For in vivo animal experiments, the experiments (including animal breeding, housing, DSS treatment and euthanize) were performed according to the University of California San Diego Institutional Animal Care and Use Committee (IACUC) policies under the animal protocol numbers S18086 and S17223. All methods were carried out in accordance with relevant guidelines and regulations and the experimental protocols were approved by institutional policies and reviewed by the licensing committee. Intestinal crypts were isolated either from the proximal and the mid-colon of WT C57BL/6 or AMPK KO mice; generated from gender- and age-matched littermates of age 5–7 weeks. For DSS-colitis experiments, 7–8-wk old C57Bl/6 mice were obtained from Jackson Laboratories (Bay Harbor, ME). Animals were bred, housed (light and dark cycle of 12 h each, humidity 30–70% and room temperature controlled between 68–75 °F). All animals were assessed routinely for signs of pain, suffering and distress associated with procedures. Euthanasia is performed by placing the animals in an equipment where the air was displaced with CO2 at a rate ~50% of the chamber volume/min. The flow was maintained for at least 1 min after respiratory arrest and then the cervical dislocation was performed.

Human subjects

For generating healthy and IBD patient-derived organoids, patients were enrolled for colonoscopy as part of routine care for the management of IBD from the University of California, San Diego IBD-Center, following a research protocol compliant with the Human Research Protection Program (HRPP) and approved by the Institutional Review Board (Project ID# 1132632). Healthy colon samples were collected from patients presenting for screening colonoscopy or undergoing the procedure for making the diagnosis of irritable bowel syndrome. Each participant provided a signed informed consent to allow for the collection of colonic tissue biopsies for research purposes to generate 3D organoids. Isolation and biobanking of organoids from these colonic biopsies were carried out using an approved IRB (Project ID # 190105: PI Ghosh and Das) that covers human subject research at the UC San Diego HUMANOID Center of Research Excellence (CoRE). For all the deidentified human subjects, information including age, gender, and previous history of the disease, was collected from the chart following the rules of HIPAA. The study design and the use of human study participants was conducted in accordance to the criteria set by the Declaration of Helsinki.

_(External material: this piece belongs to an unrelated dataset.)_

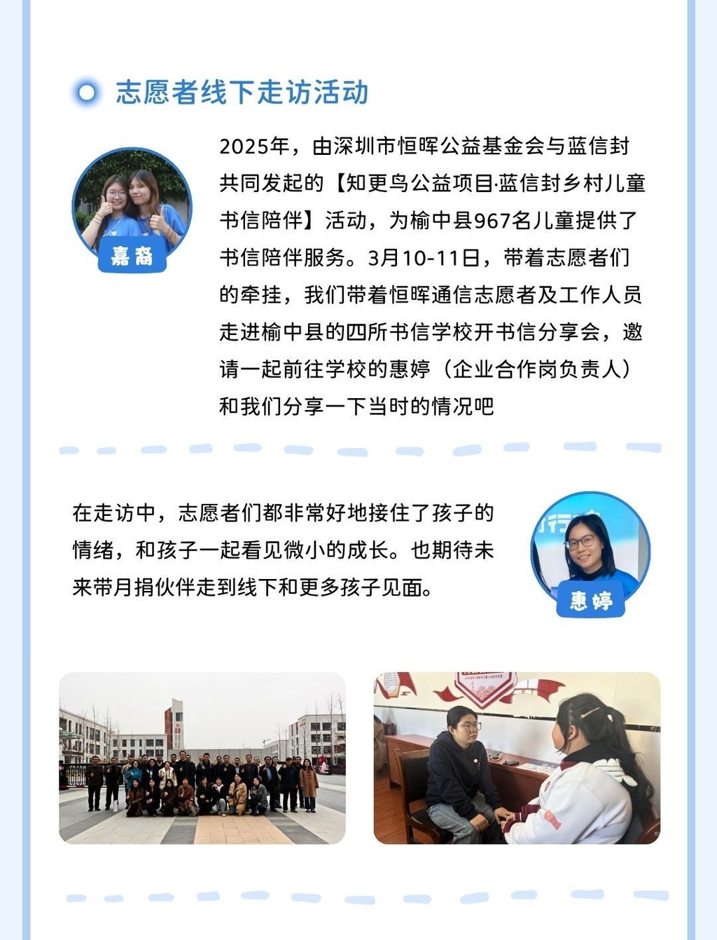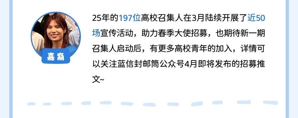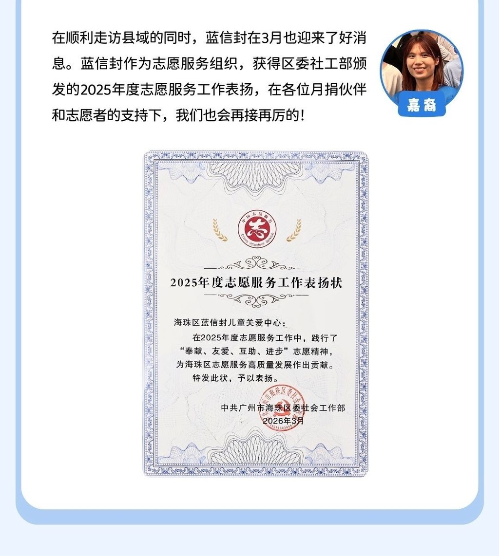 有任何不足或建议可通过回复邮件或联系蓝信封月捐人专属客服小信子,与我们交流反馈。

Statistics and reproducibility

Each staining experiments and the claims representing the findings were reproduced in at least 3–5 independent repeats. Gene signature was validated in 15 independent publicly available datasets.

Reporting summary

Further information on research design is available in the Nature Research Reporting Summary linked to this article.

Supplementary information

Peer Review File (1MB, pdf)
41467_2021_24470_MOESM3_ESM.docx (11.8KB, docx)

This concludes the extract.